Dalam salah satu penelitian terbesar mengenai masalah ini, para peneliti mensurvei 75.000 orang dengan topik “optimisme”.
Tim yang dipimpin oleh psikolog Amerika William Chopik menemukan, antara lain, bahwa orang pada umumnya sangat tangguh dan sering kali memandang positif ke masa depan – bahkan setelah takdir.
Studi ini juga memberikan wawasan mengejutkan tentang bagaimana tingkat optimisme cenderung berkembang sepanjang hidup seseorang.
Ini adalah salah satu penelitian paling ekstensif yang telah dilakukan para ilmuwan di bidang ini sejauh ini: hampir 75.000 orang dari Jerman, Belanda, dan Amerika ikut ambil bagian.

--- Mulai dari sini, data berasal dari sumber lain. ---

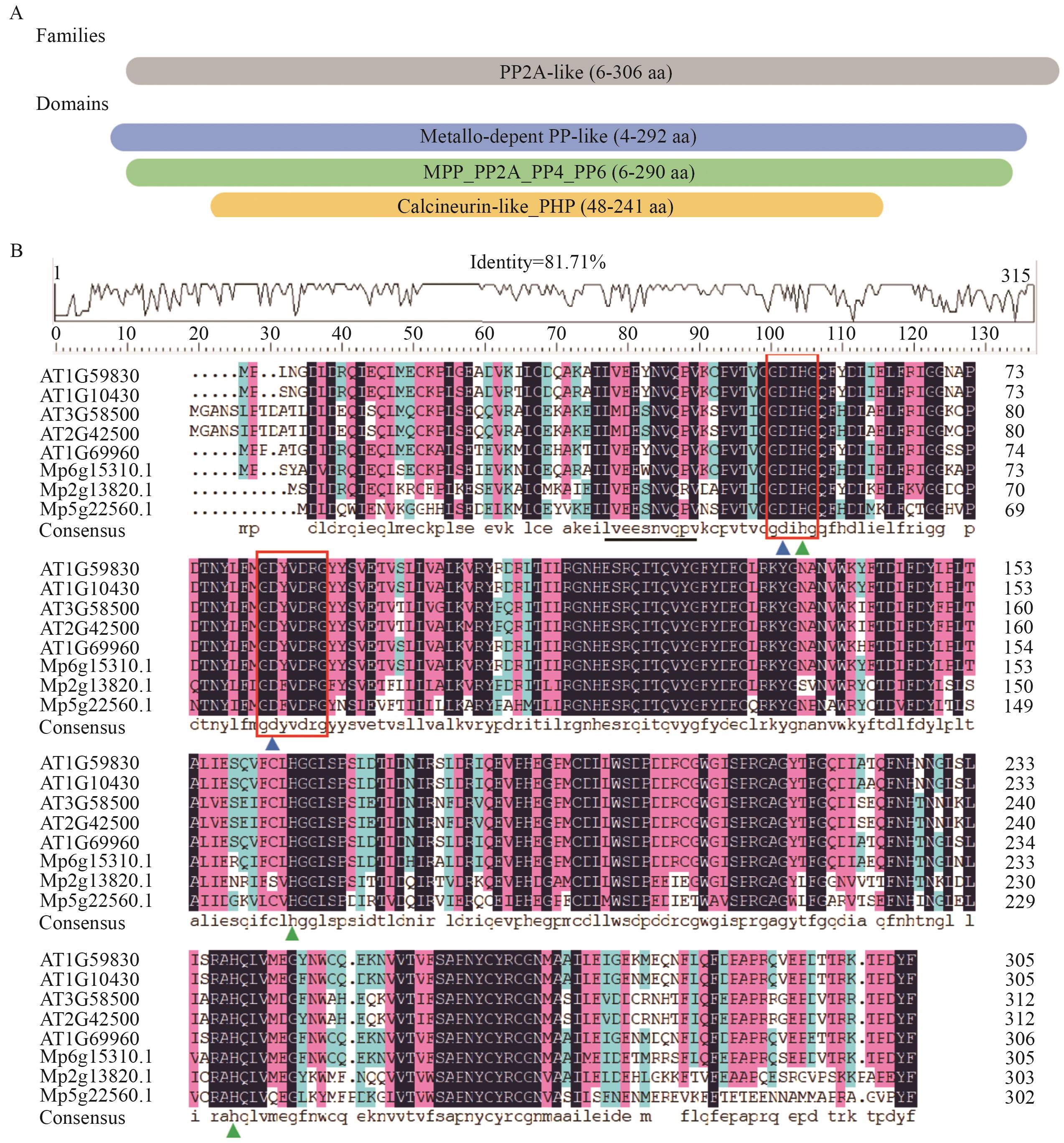 Fig. 2 Conserved domain and sequence alignment of PP2A-C proteins between A. thaliana and M. polymorphaA: Schematic diagram of structural domains in proteins. PP2A-like: Serine/Threonine protein phosphatase PP2A-like. Metallo-depent PP-like: Metallo-dependent phosphatase-like. MPP_PP2A_PP4_PP6: PP2A, PP4, and PP6 phosphoprotein phosphatases, metallophosphatase domain; Calcineurin-like_PHP: Calcineurin-like, phosphoesterase domain. B: Multiple sequence alignment of proteins. The conserved motifs of the catalytic core domain (GDXHG and GDXDRG) are indicated by red boxes; the conserved motif of the A-subunit binding domain (LVEEYNVQEV) is underlined in blue. The blue triangles indicate the metal ion binding site Asp, while the green triangles denote the metal ion binding site Glu

Belajar dengan topik “Optimisme”, yang hasilnya baru saja dipublikasikan di majalah spesialis “Journal of Research in Personality”. Sejumlah besar responden yang seharusnya membantu menjawab pertanyaan besar: Seberapa optimiskah orang-orang di berbagai tahap kehidupan mereka mengenai masa depan mereka? Dan bagaimana peristiwa-peristiwa formatif dalam kehidupan mempengaruhi optimisme ini?

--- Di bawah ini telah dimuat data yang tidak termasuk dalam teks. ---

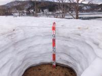 桜コースの一番付近ですが、今朝現在で155センチ。 これでも去年と比べればグーンと少ない少ない。 今晩から明日にかけて、大嵐が来るというので、とても楽しみにしてます。 なんで? もちろん雪解けが進むからですヨ。時々アップしますので見て下さい ネ。 |
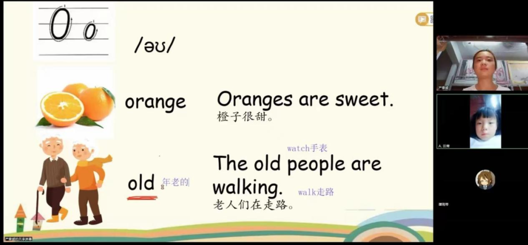在小班的教学过程当中,志愿者悉心指导,将26个字母的知识通过笔顺、单词、图片、句子、视频的形式呈现出来,孩子们被有趣的知识深深吸引,课堂氛围活跃而轻松。尤其是课件当中对于少儿影视角色图片的引用激起了孩子们巨大的兴趣,使得记忆单词的过程变得轻松而愉快。在课间休息时间,为了加深对小朋友的了解,志愿者积极与小朋友们相互分享生活趣事,对孩子们的性格也有了初步了解。
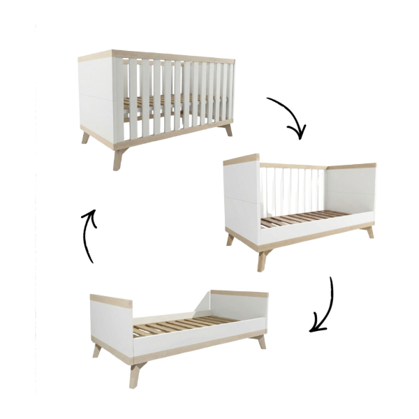 Inclui kit de conversão, permitindo transformar o berço numa pequena cama, prolongando a sua utilização ao longo dos primeiros anos da criança.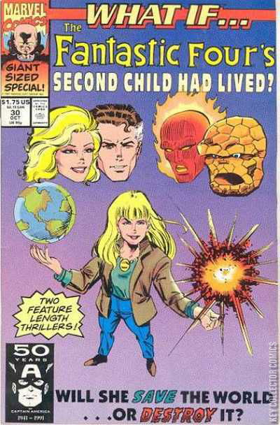 This is a double realities what if? story where the Fantastic Four's second child lived. One reality is if their child lived to help people and make the world a better place. In the second reality their child lived to be a evil monster.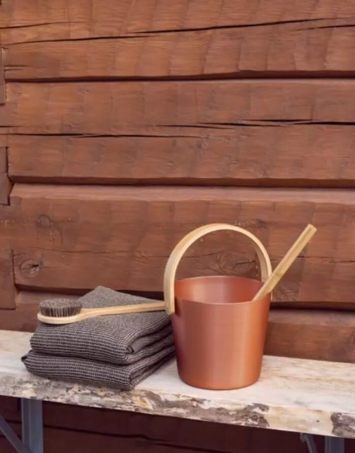 De Rento sauna emmer met bamboe beugel – koper/bruin straalt pure Scandinavische elegantie uit. De warme koperkleurige glans in combinatie met het natuurlijke bamboe handvat maakt deze emmer tot een echte blikvanger in elke sauna. Gemaakt van duurzaam aluminium en thermisch behandeld bamboe, is hij niet alleen stijlvol maar ook bijzonder functioneel en bestand tegen hoge temperaturen.

Dalam penelitiannya, para ilmuwan dari Amerika, Jerman dan Kanada menemukan jawaban yang terkadang mengejutkan mereka. Ambil contoh ini: “Bertentangan dengan apa yang mungkin Anda pikirkan, kami menemukan bahwa peristiwa besar seperti kematian dan perceraian tidak berdampak nyata pada perasaan seseorang tentang masa depan mereka,” kata William Chopik, psikolog di Michigan State University, AS. . , dan penulis utama studi tersebut. Banyak orang, katanya, masih bisa fokus pada hal-hal baik dalam hidup mereka.
Jalannya kurva optimisme
Orang termuda yang diwawancarai untuk penelitian ini berusia 16 tahun dan yang tertua berusia 101 tahun. Berkat rentang usia yang sangat jauh ini, para peneliti dapat menyelidiki pada fase kehidupan manakah optimisme responden rata-rata paling tinggi – dan bagaimana optimisme tersebut cenderung berkembang sepanjang hidup seseorang. Mereka menemukan bahwa dari usia 15 hingga sekitar 60 tahun – terkadang bahkan 70 tahun – kebanyakan orang menjadi semakin optimis.

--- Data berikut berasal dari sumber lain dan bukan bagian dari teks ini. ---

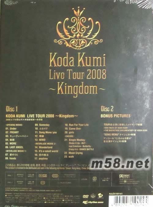 KODA KUMI LIVE TOUR 2008 KINGDOM(香港初回限定版DVD)(m58.net) 全國14萬人を動員した“KODA KUMI LIVE TOUR 2008~Kingdom~”が待望のDVD化! 前回の“Black Cherry TOUR”同様、ストーリー仕立ての內容は大迫力のオープニング映像に始まり、1幕ではワイヤーアクション、2幕ではアリーナから至近距離の花道パフォーマンス、3幕ではキュートな世界観を演出するなど、各幕にそれぞれ驚きの演出とパフォーマンスが盛り込まれた、エンタテインメント性に富んだ完成度の高いLIVEパフォーマンスになっています! 更に、DICS-2には特典映像を約60分収録した豪華2枚組LIVE DVD!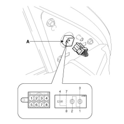 1. Disconnect the power door mirror connector(A) from the harness.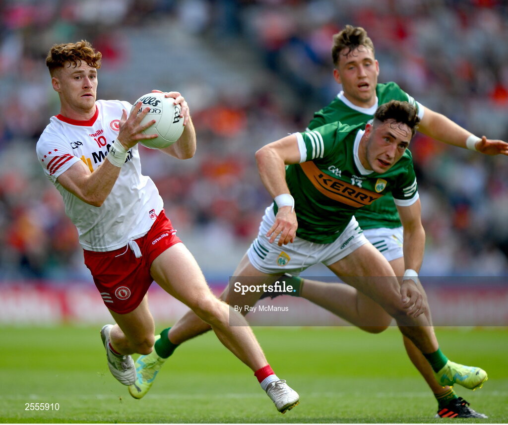 1 July 2023; Conor Meyler of Tyrone in action against Paudie Clifford and Dara Moynihan of Kerry during the GAA Football All-Ireland Senior Championship quarter-final match between Kerry and Tyrone at Croke Park in Dublin. Photo by Ray McManus/Sportsfile

“Kami menemukan bahwa optimisme meningkat sepanjang masa dewasa muda. Setelah itu, tampaknya kadarnya tetap tinggi untuk waktu yang lama dan kemudian menurun lagi di tahun-tahun berikutnya setelah dewasa,” kata penulis studi, Chopik. Ia juga menghubungkan hal ini dengan fakta bahwa orang-orang di usia awal hingga pertengahan masa dewasa sangat mandiri dan merasa bahwa mereka dapat mempengaruhi masa depan mereka sendiri.
Masyarakat kami sangat tangguh
Perasaan ini cenderung berkurang saat Anda mencapai usia 60 atau 70 tahun. Karena usia pensiun sebenarnya adalah masa di mana orang berhenti bekerja dan akhirnya memiliki waktu untuk berwisata atau melakukan hobinya, para peneliti justru berharap responden pada usia tersebut akan lebih optimis dibandingkan orang yang lebih muda. Namun hasil penelitian mereka menunjukkan sebaliknya.
Penulis penelitian menjelaskan penurunan optimisme di usia tua terutama disebabkan oleh dua faktor. Pertama, kesehatan memburuk seiring bertambahnya usia. Kedua: Orang-orang lanjut usia hidup dalam pengetahuan bahwa sebagian besar kehidupan mereka telah berlalu. Namun, kata William Chopik, orang lanjut usia bukanlah orang yang “sepenuhnya pesimis”.
Bagi Chopik, salah satu kesimpulan terpenting dari penelitiannya adalah: Manusia sangatlah tangguh. Seringkali, takdir pun tidak dapat mematahkan pandangan positif tentang masa depan. “Hal-hal buruk tidak mengubah seseorang secara mendasar,” kata psikolog tersebut. Bahkan orang-orang yang ditemuinya selama penyelidikan, yang harus hidup dengan diagnosis penyakit serius, masih memiliki perasaan yang baik tentang masa depan mereka – tentang kehidupan yang mereka jalani “di sisi lain”.